BRIGHAM CITY — A second big step comes this week for the city’s plans 15 years in the making for the downtown hub.

Ground-breaking is set Thursday for the Hampton Inn hotel, meant to anchor the emerging Academy Square, landmark seat of government in Box Elder County.

It was 15 years ago “things got serious” in developing Academy Square, City Manager Bruce Leonard said.

“But it’s been in people’s minds for quite a while,” he said, possibly all the way back to the 1970s when a car dealership was replaced by the current City Hall. The old city hall became the Chamber of Commerce, both now the western face of Academy Square.

Culminating three years of planning and site purchases, ground-breaking for the 73-bed Hampton Inn, a Hilton subsidiary, is scheduled for 4 p.m. Thursday at the 59 N. 100 East site.

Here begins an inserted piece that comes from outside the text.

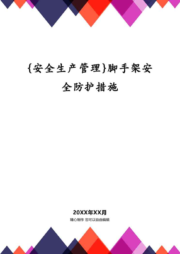 本站正式发布了《{安全生产管理}脚手架安全防护措施》文档,文档详细内容可下载阅读。 声明:本站所有文章,如无特殊说明或标注,均为本站原创发布。任何个人或组织,在未征得本站同意时,禁止复制、盗用、采集、发布本站内容到任何网站、书籍等各类媒体平台。如若本站内容侵犯了原著者的合法权益,可联系我们进行处理。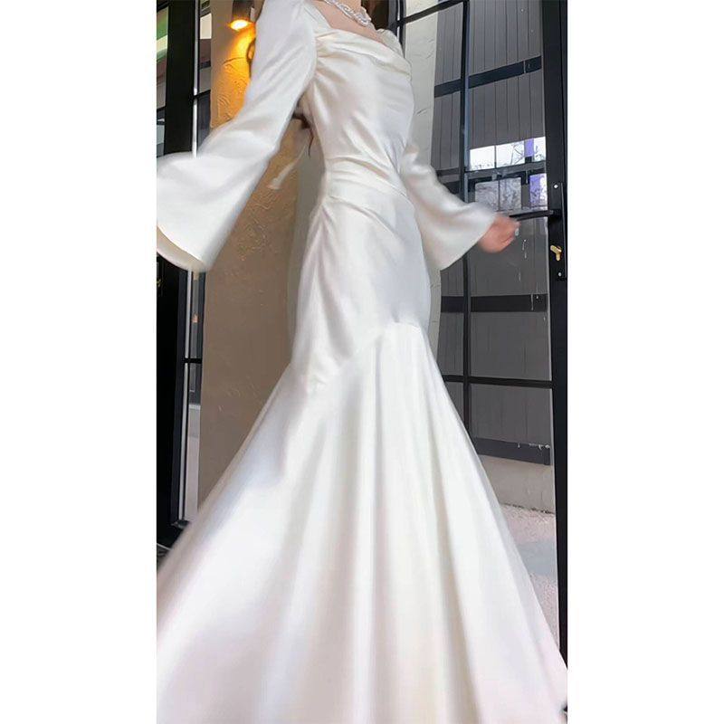 法式长袖鱼尾优雅连衣裙主持人礼服显高显瘦时尚白色缎面宴会服装

Academy Square is named for the restored Christensen Academy of Music and Dance, a historic structure first opened in 1903. Next door to the Hampton site and purchased by the city in 1998, it’s envisoned as a community center and reception hall once its upstairs dance floor is refurbished.

The Hampton should draw 25,000 patrons a year, according to estimates from City Economic Development Director Paul Larsen. The city expects 75,000 visitors a year for the Brigham City LDS Temple two blocks to the south.

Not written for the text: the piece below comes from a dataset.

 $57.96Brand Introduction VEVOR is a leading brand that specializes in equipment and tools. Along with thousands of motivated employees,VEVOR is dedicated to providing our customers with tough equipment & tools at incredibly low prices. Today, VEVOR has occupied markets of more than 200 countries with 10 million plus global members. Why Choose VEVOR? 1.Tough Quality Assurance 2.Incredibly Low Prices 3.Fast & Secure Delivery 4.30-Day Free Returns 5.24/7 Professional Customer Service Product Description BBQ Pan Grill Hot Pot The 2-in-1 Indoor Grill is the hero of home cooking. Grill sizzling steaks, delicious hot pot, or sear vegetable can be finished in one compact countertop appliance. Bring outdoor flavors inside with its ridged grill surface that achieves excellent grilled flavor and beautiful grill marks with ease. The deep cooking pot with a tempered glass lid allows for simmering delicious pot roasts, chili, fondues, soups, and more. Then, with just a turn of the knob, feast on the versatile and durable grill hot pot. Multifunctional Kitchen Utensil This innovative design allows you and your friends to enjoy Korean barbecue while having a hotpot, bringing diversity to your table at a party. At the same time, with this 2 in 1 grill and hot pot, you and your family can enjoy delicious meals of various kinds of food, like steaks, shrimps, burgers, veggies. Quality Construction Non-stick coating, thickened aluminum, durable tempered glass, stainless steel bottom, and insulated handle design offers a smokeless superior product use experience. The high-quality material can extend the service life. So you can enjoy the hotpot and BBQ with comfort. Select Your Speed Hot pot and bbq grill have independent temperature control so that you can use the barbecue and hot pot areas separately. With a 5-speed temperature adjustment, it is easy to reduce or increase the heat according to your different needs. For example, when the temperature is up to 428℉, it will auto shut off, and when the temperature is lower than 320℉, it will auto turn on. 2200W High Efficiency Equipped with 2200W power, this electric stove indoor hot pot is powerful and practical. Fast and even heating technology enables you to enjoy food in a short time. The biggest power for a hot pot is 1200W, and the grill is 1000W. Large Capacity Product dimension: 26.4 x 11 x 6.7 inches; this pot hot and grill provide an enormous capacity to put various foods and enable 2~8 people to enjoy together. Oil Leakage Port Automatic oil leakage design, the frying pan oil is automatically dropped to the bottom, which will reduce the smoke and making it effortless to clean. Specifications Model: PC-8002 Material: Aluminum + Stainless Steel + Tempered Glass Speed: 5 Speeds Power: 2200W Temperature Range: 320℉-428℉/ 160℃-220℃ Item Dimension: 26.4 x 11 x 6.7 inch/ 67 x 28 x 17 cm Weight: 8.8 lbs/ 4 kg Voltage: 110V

The traditional town square has been called many names in city planning documents and records over the years, including Block 20, and City Center Plaza, before the Academy Square moniker stuck in 1999.

The block — once bisected by Forest Street and bounded by Main Street, 1st East, and 1st North — was called “Main Square” in a 146-year-old survey from pioneer times dated 1868, according to a history of the city’s civic heart compiled by Larsen.

Back then, Forest was known as Locust Street, 1st North as North Street and 1st East was Pleasant Street.

The hotel’s anchoring of Academy Square, which also includes the historic Box Elder County Courthouse, comes at a time when much of the city’s business growth has moved south, with better access to Interstate 15 and near the Walmart in Perry.

The city’s four current hotels and motels include three on or within a block of 11th South and the fourth at 7th South.

The city council in December approved $3.9 million in bonding to finish the remodeling of the Academy building with construction bids expected to open later this month.

The two-story structure at 64 N. Main was built in 1903 by the sons of Danish immigrants, Christian and Peter Christensen, as an arts school and dance hall.

A member of the Christensen family, William Christensen, went on to choreograph “The Nutcracker” ballet for the San Francisco Ballet, now a staple of holiday cheer.